Task description: For this exercise, an exact copy is needed of only the lines from the one containing "Avolock AL 80FRVT" through the end of the data, with pictures left out.

Stored records:
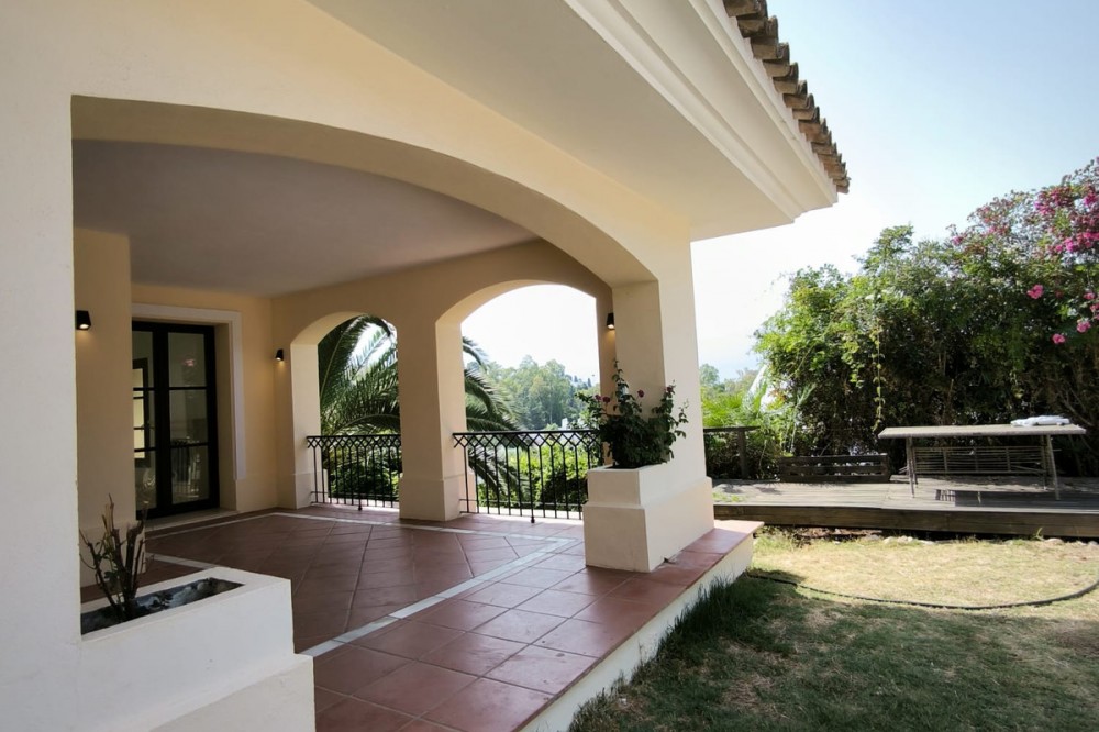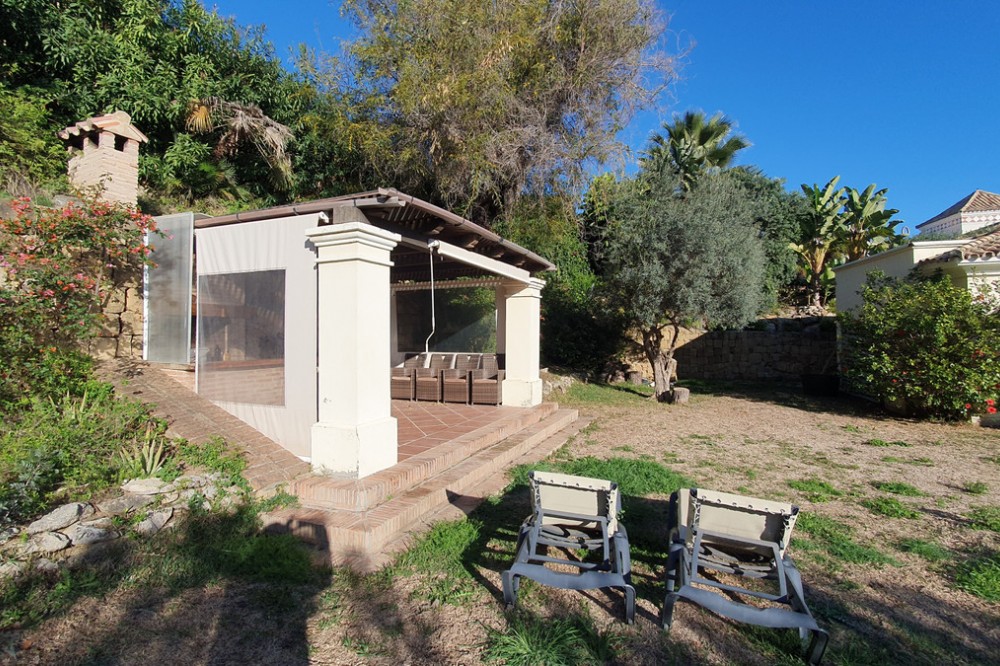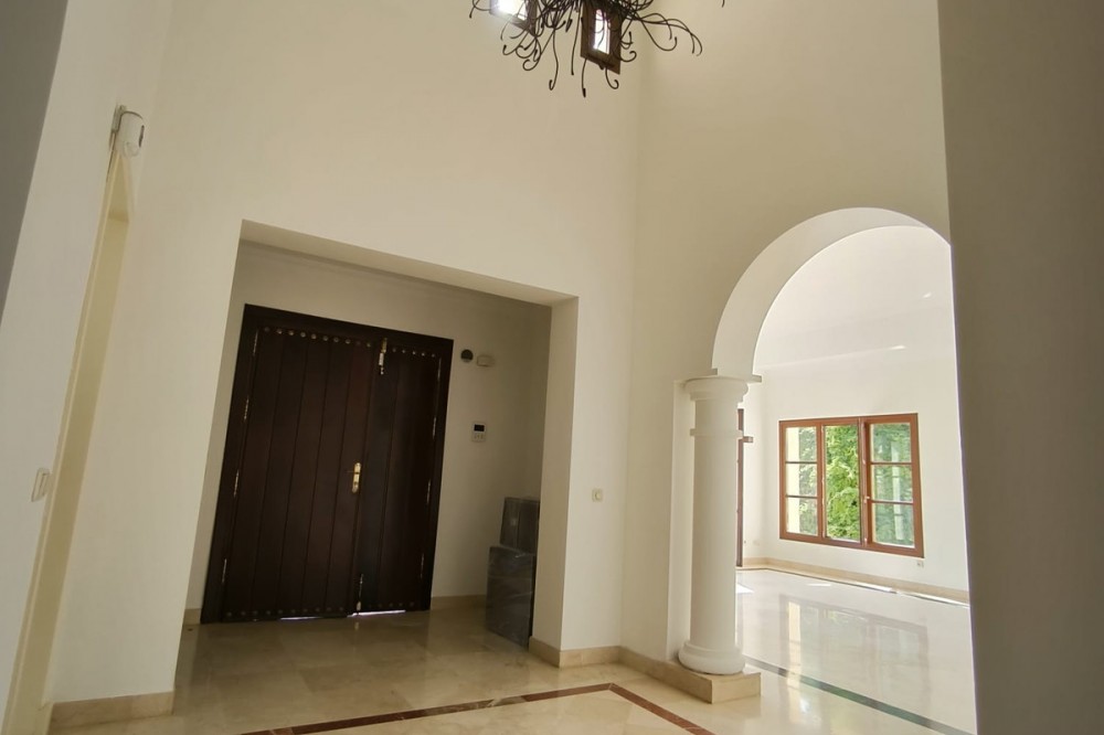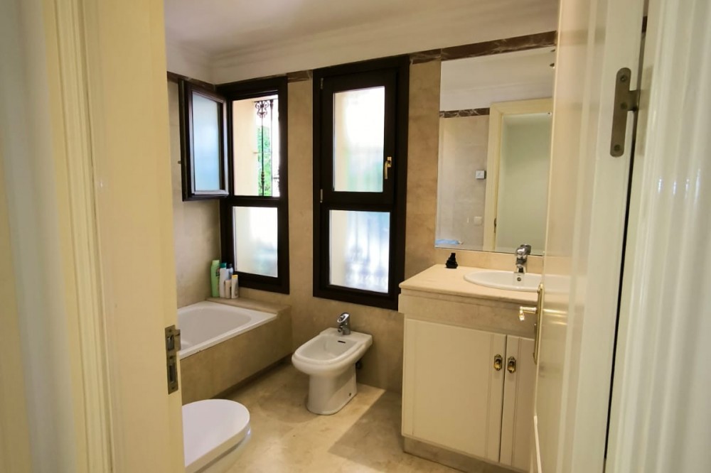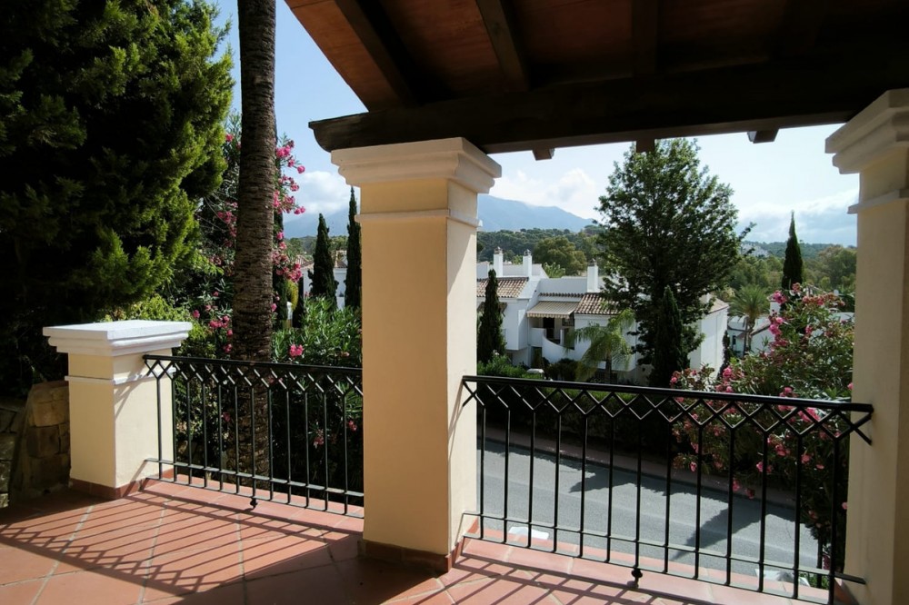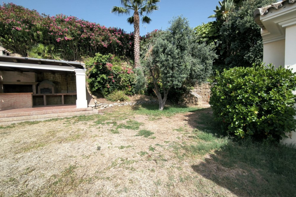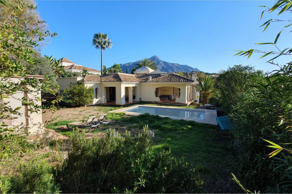 • This classic-style house is located in a group of villas with private access in the heart of the Golf Valley in Nueva Andalucía. The villa is distributed on two large floors. The main entrance gives access to a large living room with very bright fireplace from which you can enjoy wonderful panoramic views of La Concha. The living-dining room has direct access to the garden, the pool and an extensive garden with a barbecue area that allows you to enjoy the maximum leisure time outdoors. On this same floor next to the kitchen there is a hall that gives access to a bedroom with en-suite bathroom and dressing room, a second bedroom, a full bathroom and a courtroom. Direct access to the garden and orientation maximize light entry on this floor. The basement floor also has direct access to the garden from its 2 bedrooms, very bright, share a large bathroom, on this floor there is also a room enabled as lavender and a large room that can be arranged for cinema, gym, etc. The house has 2 independent garages. One of them can be arranged for multipurpose room. A villa with great potential in the heart of Nueva Andalucía.
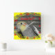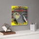Captura de pantalla de un Cockitiel brillante y colorido con un fondo gris que está en un RELOJ DE PARED.
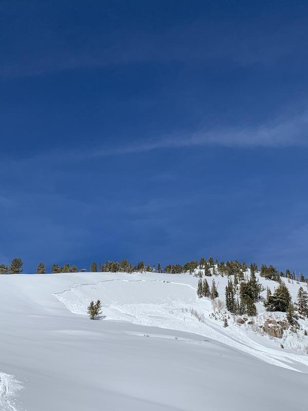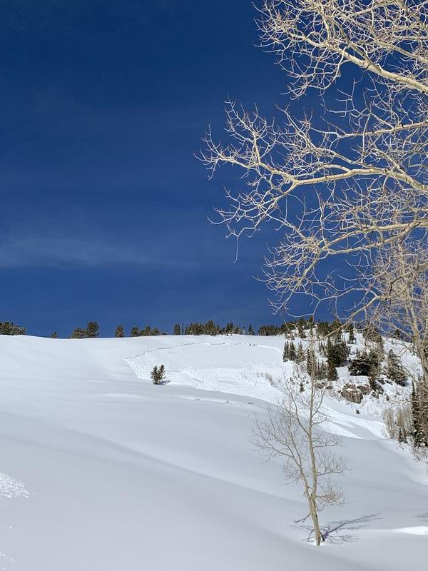 Ascended to the bottom of Miller Time where we found this slide, apparently triggered by a party of four heli skiers as they traversed the low angle ridge above the bowl. The trigger point appears to be the shallowest part of the convexity on the lookers right of the crown where we observed tracks within about 20' of where the slide broke. We had not planned on skiing the bowl ourselves but found it notable to see such a well connected slide on a south aspect. It appeared to have failed at our friendly neighborhood PWL, with a little help from some wind loading evident in the stepped crown on the left. The area that slid is low 30s in steepness and as a result the slide didn't travel particularly far or collect deeply; simply more signs of the very touchy situation out there right now.
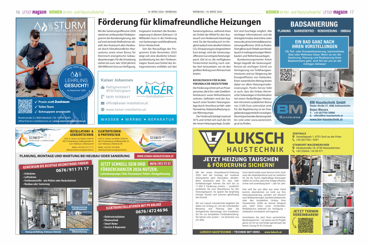 WERBUNG • 10. MÄRZ 2026 WOHNEN im Inn- und Hausruckviertel 17 undliche Heizungen
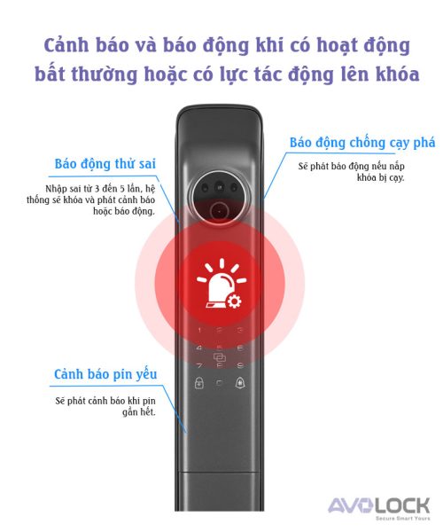 Avolock AL 80FRVT được trang bị nhiều tính năng cảnh báo giúp phát hiện sớm các rủi ro an ninh:
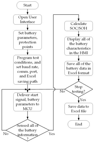 Figure 10 shows a detailed flowchart of the proposed diagnostic procedure used to conduct system integration and management. Hence, the diagnostic information can be displayed in real-time in the HMI when the battery parameters and test conditions are set completely.
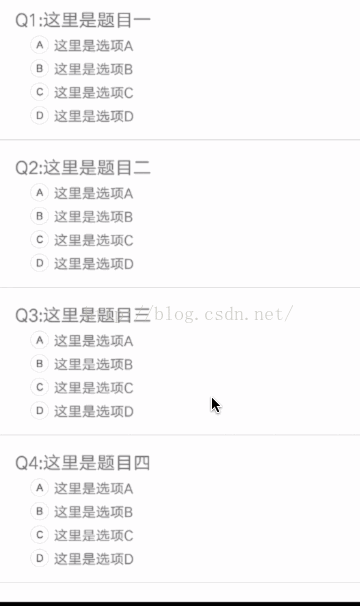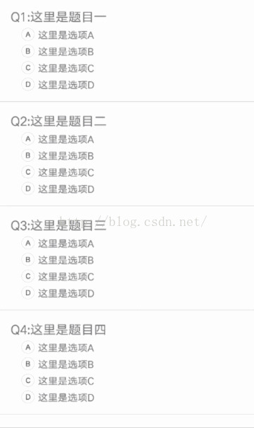 需求如圖所示,這裡面有ABCD四個選項的題目,當點擊A選項,如果A是正確的答案,則變成對勾的圖案,如果是錯誤答案,則變成錯誤的圖案,這裡當時在寫的時候覺得很簡單,只要是在點擊的時候判斷我點擊的選項與正確答案是否一樣,是一樣就將圖片換成正確的樣式,如果不一樣就換成錯誤的樣式,於是我便寫了下面的代碼(只貼出了核心Adapter中的代碼)
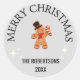 Custom name Merry Christmas gingerbread man grey Classic Round Sticker
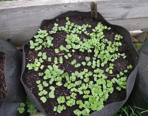 I use both 20 gallon and 10 gallon Smart Pots. The larger ones are good for one tomato plant and cage or 3 pepper plants. Last year I grew parsnips and potatoes in 10 gallon Smart Pots. Above you can see one of my Smart Pots planted with radish seeds on April 22nd. I will thin them this week and EAT THE THINNINGS as microgreens! I should be harvesting radishes by May 22nd.

Written response:
 Avolock AL 80FRVT được trang bị nhiều tính năng cảnh báo giúp phát hiện sớm các rủi ro an ninh:
 Figure 10 shows a detailed flowchart of the proposed diagnostic procedure used to conduct system integration and management. Hence, the diagnostic information can be displayed in real-time in the HMI when the battery parameters and test conditions are set completely.
 需求如圖所示,這裡面有ABCD四個選項的題目,當點擊A選項,如果A是正確的答案,則變成對勾的圖案,如果是錯誤答案,則變成錯誤的圖案,這裡當時在寫的時候覺得很簡單,只要是在點擊的時候判斷我點擊的選項與正確答案是否一樣,是一樣就將圖片換成正確的樣式,如果不一樣就換成錯誤的樣式,於是我便寫了下面的代碼(只貼出了核心Adapter中的代碼)
 Custom name Merry Christmas gingerbread man grey Classic Round Sticker
 I use both 20 gallon and 10 gallon Smart Pots. The larger ones are good for one tomato plant and cage or 3 pepper plants. Last year I grew parsnips and potatoes in 10 gallon Smart Pots. Above you can see one of my Smart Pots planted with radish seeds on April 22nd. I will thin them this week and EAT THE THINNINGS as microgreens! I should be harvesting radishes by May 22nd.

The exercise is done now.